CONSCIOUSLY DIRECTED:
Observe maintaining visual focus on target, moving eyes smoothly, coordinating head and neck movements with eye movements; move eyes and head separately; coordinate both eyes together; note whether child can sustain visual focus on target during head movements
Eye Movements: How to Interpret.
AUTOMATIC:
Interpret: related to visual, vestibular and prop. functions. Stabilizing eyes during head/body movement requires dynamic postural control.
CONSCIOUSLY DIRECTED:
Smooth eye movements while localizing/following object requires visually mediated ocular control. Also depends on stable posture, adequte head control, ability to tolerate visual movement.
Searching/localizing requires ocular motor planning. Active head movement w/ stable gaze requires vestib-prop. processing / postural stability.
Schilder’s Arm Extension Test:
Observe ability to maintain arms in extended forward position w eyes closed.
Can head be moved easily? Any tremors in hands/fingers? Shoulders stable? Head, neck, trunk segmented? Differences between R/L UE in position? How’s balance w eyes closed?

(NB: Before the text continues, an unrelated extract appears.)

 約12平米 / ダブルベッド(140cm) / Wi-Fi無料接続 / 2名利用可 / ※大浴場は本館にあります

Interpret: traditionally a neurological test of cerebellar integrity. In SI theory, the ability to dissociate head from UEs has been related to vestib./prop
Antigravity and supine flexion:
structured: assuming flexion pos. on floor
unstructured: holding on / swinging from trapeze or monkey bar
Observe ability to get into position (motor planning), and whether flexion of UEs and LEs occurs at same time.

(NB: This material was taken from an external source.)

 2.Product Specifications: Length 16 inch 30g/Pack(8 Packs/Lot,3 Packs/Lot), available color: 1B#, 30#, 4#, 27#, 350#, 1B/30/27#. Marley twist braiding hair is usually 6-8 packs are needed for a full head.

NOTE: How is the joint contraction? How long can child hold position? Does child use other strategies for maintaining position (i.e. stabilizing with other parts of body)?
Interpret: Flexor pattern associated with somatosensory (tactile, prop). Link to somatodypraxia. Also related to tactile/prop DISCRIMINATION as well as motor planning. Difficult w neck flexion in supine may be related to postural problem.
Antigravity and prone extension:
Observe: ability to assume position; length of time pos. maintained; ability to hold oneself against resistance; quality of extension in head and shoulder girdle; if/how much upper torso/thighs are off ground
NOTE: Can child sustain extension with entire body? Head, shoulders, upper back, thighs, legs?
Interpret: vestib; also considered in conjunction w vest/prop processing; related to motor planning, too; inability to maintain postural extension against gravity is one indicator of postural-ocular movement disorder
Postural Control:
When moving surface on which child is sitting (i.e. therapy ball), observe postural reactions, compensatory postural adjustments, awareness of body positions.
Interpret: equilibrium reactions contribute to postural control and may occur in response to externally imposed force (reactice) or may occur in response to self-initiated movement. In SI, postural control is related to visual, vestibular and prop. Anticipatory control is dependent on integration of vestibular and prop.
Protective extension:
Move child forward (usually over therapy ball) to floor, and observe: protective reactions of arms in direction of fall. Note speed and effectiveness of child’s ability to bring arms out in protective motion.
Interpret: Protective reactions depend upon vestibular processing. Immature or poor responses may indicate decreased vestibular function.
Weight bearing / proximal joint stability:
During weight-bearing (i.e. in wheelbarrow or over ball), observe: hand adjustment, scapula position (winging?), locked elbows, lordosis or trunk.
Interpret: SI theory says poor proximal joint stability in shoulder girdle/neck is associated with poor vestibular and prop. Poor proximal joint stability in other parts of the body may be associated with decreased muscle tone and inadequate prop. input.